SELECT * /* Matches first names with three or more letters */ FROM students WHERE first_name LIKE '___%' SELECT * /* Matches first names with exactly four characters */ FROM students WHERE first_name LIKE '____'
39. What is the difference between UNION and UNION ALL in SQL?
UNION combines the result sets of two or more SELECT statements, removing duplicates, while UNION ALL combines the result sets without removing duplicates.
SELECT column1, column2 FROM table1 UNION SELECT column1, column2 FROM table2;
UNION ALL:
SELECT column1, column2 FROM table1 UNION ALL SELECT column1, column2 FROM table2;
When deciding whether to use UNION or UNION ALL, consider the following:
It’s important to note that UNION and UNION ALL have performance implications. Since UNION performs a distinct operation, it requires additional processing time compared to UNION ALL, which simply combines the rows without any duplicate elimination. Therefore, if you know that your result sets do not contain duplicates, using UNION ALL can be more efficient.
40. What is an SQL injection, and how can it be prevented?
SQL injection is a type of security vulnerability in which an attacker can manipulate a SQL query to perform unauthorized operations or access sensitive data. It occurs when user input is not properly validated or sanitized before being used in constructing a SQL query, allowing malicious SQL code to be injected. It can be prevented by using prepared statements or parameterized queries and by properly sanitizing user input.

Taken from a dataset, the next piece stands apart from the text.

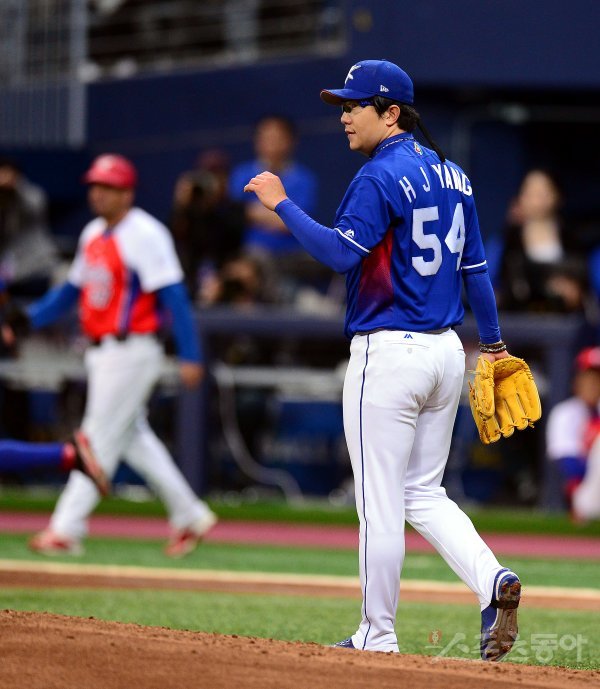 ‘2017 월드베이스볼클래식(WBC)’에 참가하는 한국 야구대표팀이 26일 고척스카이돔에서 쿠바와 2차 평가전을 가졌다. 선발 투수로 등판한 양현종이 3회말 첫 실점을 허용한 후 외야를 바라보고 있다.
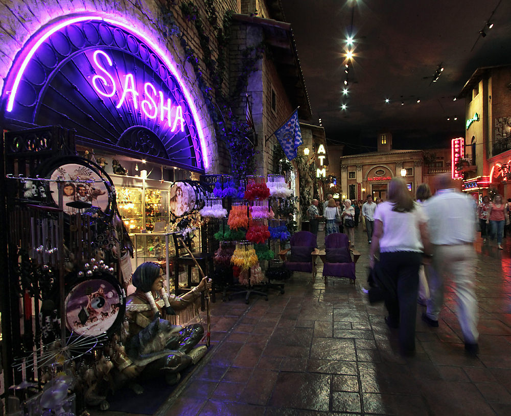 The strange reflections above the “buildings” are the only tip-off that this “street” is indoors.

Consider a simple login form where a user enters their username and password. The server-side code might construct a SQL query like this:
String query = "SELECT * FROM users WHERE username = '" + username + "' AND password = '" + password + "'";
If the input values are not properly validated or sanitized, an attacker can manipulate the input by entering a malicious string like ' OR '1'='1' --'
, which can change the meaning of the query. The resulting query would be:
SELECT * FROM users WHERE username = '' OR '1'='1' --' AND password = ''
In this case, the attacker has successfully bypassed the login mechanism by making the condition '1'='1'
always true, effectively retrieving all user records from the database.
To prevent SQL injection, it is crucial to use parameterized queries or prepared statements, which separate the SQL code from the user input. Here’s an example of how to solve the SQL injection vulnerability using parameterized queries:
String query = "SELECT * FROM users WHERE username = ? AND password = ?"; PreparedStatement statement = connection.prepareStatement(query); statement.setString(1, username); statement.setString(2, password); ResultSet resultSet = statement.executeQuery();
Spring Data is a part of the larger Spring Framework and provides abstractions and utilities for interacting with databases. When using Spring Data’s repositories or query methods, the framework internally leverages features of the underlying persistence technology, such as Hibernate or JPA (Java Persistence API). These technologies handle parameterized queries and protect against SQL injection. By following best practices and utilizing Spring Data’s provided features, you can ensure that your queries are secure and protected from SQL injection vulnerabilities.
41. Explain the ACID properties in the context of database transactions.
ACID is an acronym that stands for Atomicity, Consistency, Isolation, and Durability. These properties are essential for ensuring the reliability, integrity, and robustness of database transactions.
a. Atomicity: Atomicity guarantees that a transaction is treated as a single indivisible unit of work. It means that either all the operations within a transaction are successfully completed, or none of them are applied. If any part of the transaction fails, the entire transaction is rolled back to its initial state.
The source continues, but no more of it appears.